RECORDED DATA
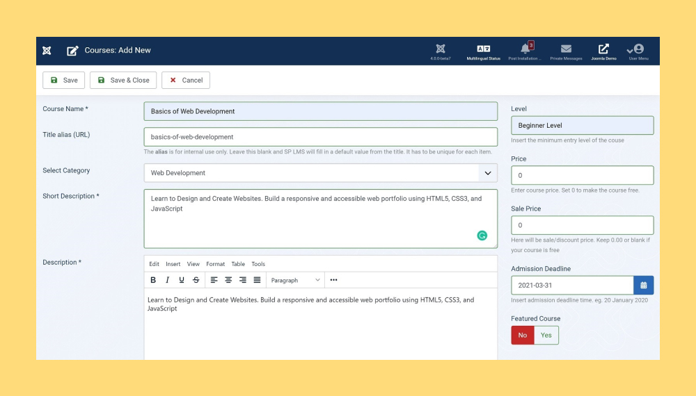 Joomla 4 is just around the corner. Your favorite eLearning course builder on Joomla, SP LMS is now compatible with Joomla 4 beta 7. Now, you can enjoy the features of the new Joomla version along with your favorite SP LMS component.
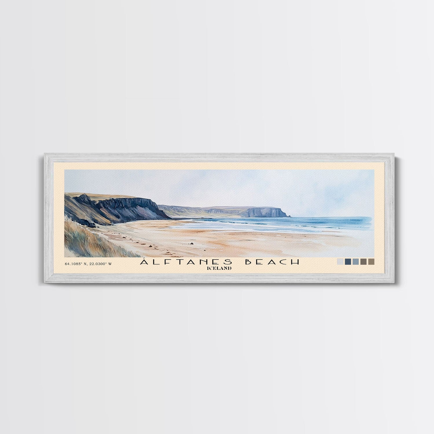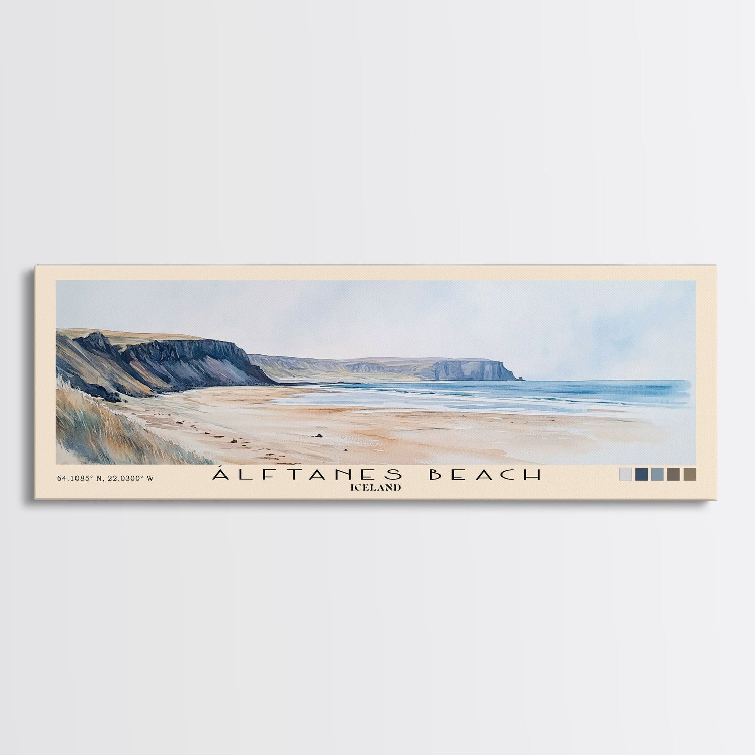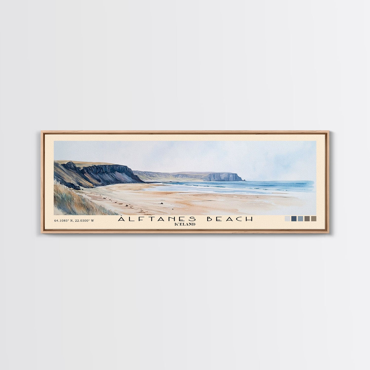 Álftanes Beach, Iceland Watercolor Print, Vacation Gift, Iceland Wall Art, Beach Painting, Beach Decor, Large Wall Art, Wood Frame Art - 10x30 Inches / Gallery Wrap Canvas - Ready To Hang is backordered and will ship as soon as it is back in stock.
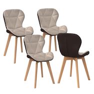 Lot de 4 chaises ROXANE bi-matière en tissu et PU marron et taupe pour salle à manger
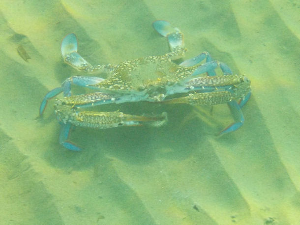 Hallo, erstmal vielen vielen Dank für die viele Arbeit, die in der Seite steckt. Es ist total faszinierend, wieviele Arten im Mittelmeer leben. Wir wohnen in Larnaca, Zypern, und sind seit kurzem aufs Schnorcheln gekommen. Wir hätten nie gedacht, dass so viele verschiedene Arten hier an unserem doch sehr belebten Strand (McKenzie) los ist. Heute haben wir diese Krabbe gesehen, und ich bin mir echt nicht sicher, welche Art das ist. Es waren viele Menschen im Wasser, und mittendrin diese Krabbe. Vielleicht könnt ihr uns bei der Identifizierung helfen.

INSTRUCTIONS FOR THE TASK
Without the pictures, please reproduce each line of the listing above exactly, from the first one through the line bearing "Álftanes Beach, Iceland".

SOLUTION TO THIS PROBLEM
 Joomla 4 is just around the corner. Your favorite eLearning course builder on Joomla, SP LMS is now compatible with Joomla 4 beta 7. Now, you can enjoy the features of the new Joomla version along with your favorite SP LMS component.
 Álftanes Beach, Iceland Watercolor Print, Vacation Gift, Iceland Wall Art, Beach Painting, Beach Decor, Large Wall Art, Wood Frame Art - 10x30 Inches / Gallery Wrap Canvas - Ready To Hang is backordered and will ship as soon as it is back in stock.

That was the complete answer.